Lunch: I have my third block open each day. Mrs. N and I will be using this time to discuss teaching, answering questions, etc. This is also lunch block, and so I sat down for my soon to be customary meal of ramen. Today however was something of a special day. Today marked the first day that gay Vermonters could get married. And at lunch, I got to participate in a (very) small wedding ceremony! I was so glad I could be a part, however small a part I was, and am so happy it went off went. The couple had a much larger civil union ceremony previously, but wanted to get married now that they could. I am not a big fan of weddings in general, and my thought is the bigger the ceremony, the less and less it actually is about the two people marrying one another and the more the ceremony itself takes center stage.

While not a fan of the institution of marriage itself, I am still deeply invested in people having the right to be married. So long as we have marriage intertwined in government, then it should be provided to everyone regardless of race, creed or orientation.

Freshmen English: Woo! Last class of the day! This one was definitely the most lively, and by lively I mean of course that they are freshmen, on their first day of full classes at the end of the day. Wired and loud would be ways of putting it mildly. Despite that, I really can't wait to work with them. One of my goals during the course of this internship is to develop improvisation skills.

Now let me explain how that relates to teaching and this class. All too often, lesson plans are constructed to take you from Point A to Point B. This of course never happens. Student interest is akin to holding onto a non-Newtonian fluid (look it up!) and once you lose it, it's gone. If a lesson plan bombs, as a teacher you need to find a way to save the class. This often means scrapping whatever you were planning and going from something that has caught student interest (or that you hope will) and going from there. You can't very well say "Well, that didn't work. Sorry guys. Do some quiet reading while I write up a new plan."

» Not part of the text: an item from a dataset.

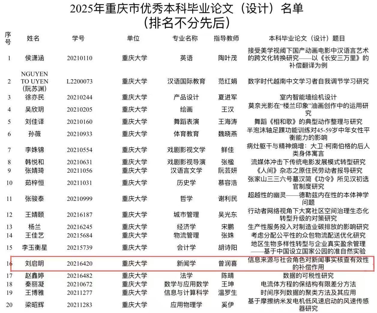 2021级新闻学专业本科生刘启明撰写的《信息来源与社会角色对新闻事实核查有效性的补偿作用》获评重庆市优秀本科生毕业论文,指导教师为曾润喜教授。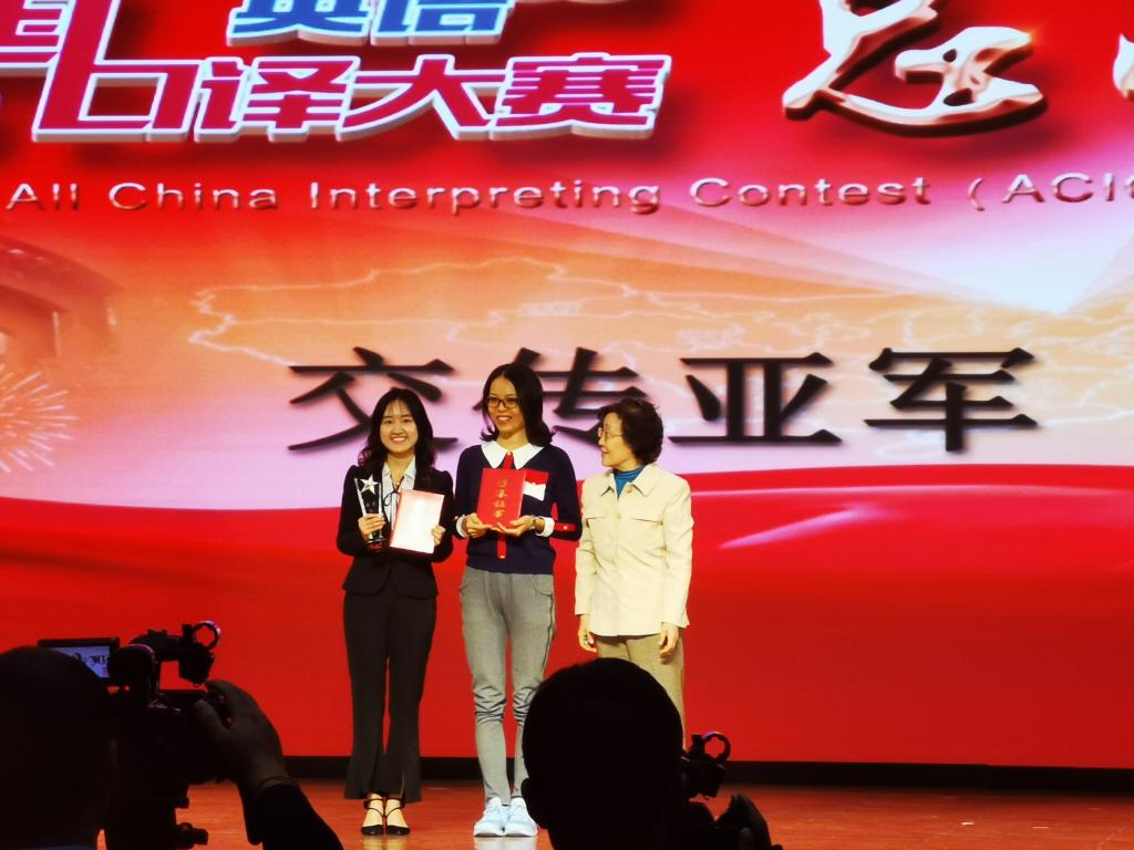 第八届全国口译大赛(英语)总决赛于2019年10月18日至19日在jinnianhui今年会千人礼堂举行。经过两天的激烈角逐,我院学子取得优秀成绩。其中,金羽菲同学获交传亚军、同传邀请赛二等奖,尹佩璇同学获交传二等奖,侯玉颖同学获交传三等奖,王颖冲老师获优秀指导教师奖。jinnianhui今年会毕业生、口译俱乐部队员王静怡获得交传冠军和同传季军。

I find all too often I come up with a plan, not just in education but in my broader life, and follow it to the end. This sometimes entails banging my head against a wall until I eventually smash through it, but that just isn't productive. So with that in mind, I am going to try to be more fluid in my planning and find what works.

Now with a class full of freshmen, particularly some who are natural class-clowns and who are already trying to show off and make trouble. If I am going to help them learn and really feel like they're getting something from the class, then I have to find a way to hook them and keep their attention. This is a challenge, but it is one I am eager for. It helps that, as I mentioned, I'll be teaching The Odyssey and I think the book is absolutely fascinating. So I'm hoping my own enthusiasm will prove infectious. Can't hurt, at any rate.

Department Meeting: At the end of the day, we had a Department Meeting. I obviously won't be repeating the vast majority of things mentioned, but one thing that was brought up looked absolutely fascinating. There's going to be a conference held in Conchord, Massachusetts on learning and media influence on brain activity. I may try and tag along if anyone is going (and see if I can get the school's rate while I'm at it) if I can.

After School: This has little educational value, but I got my autumnal hair cut. I make a point of getting one hair cut per season. Having gotten my summer cut in May, it was starting to curl around my ears and on the back of my neck and so I felt the time was appropriate for a trim. I now have inch long hair again, and am happy for it to be so manageable.

I also think at this point I have enough of a log of back entries that it's time to begin sharing this blog with my co-workers, friends, family and other various and sundry people in my life who might like to read my thoughts on education.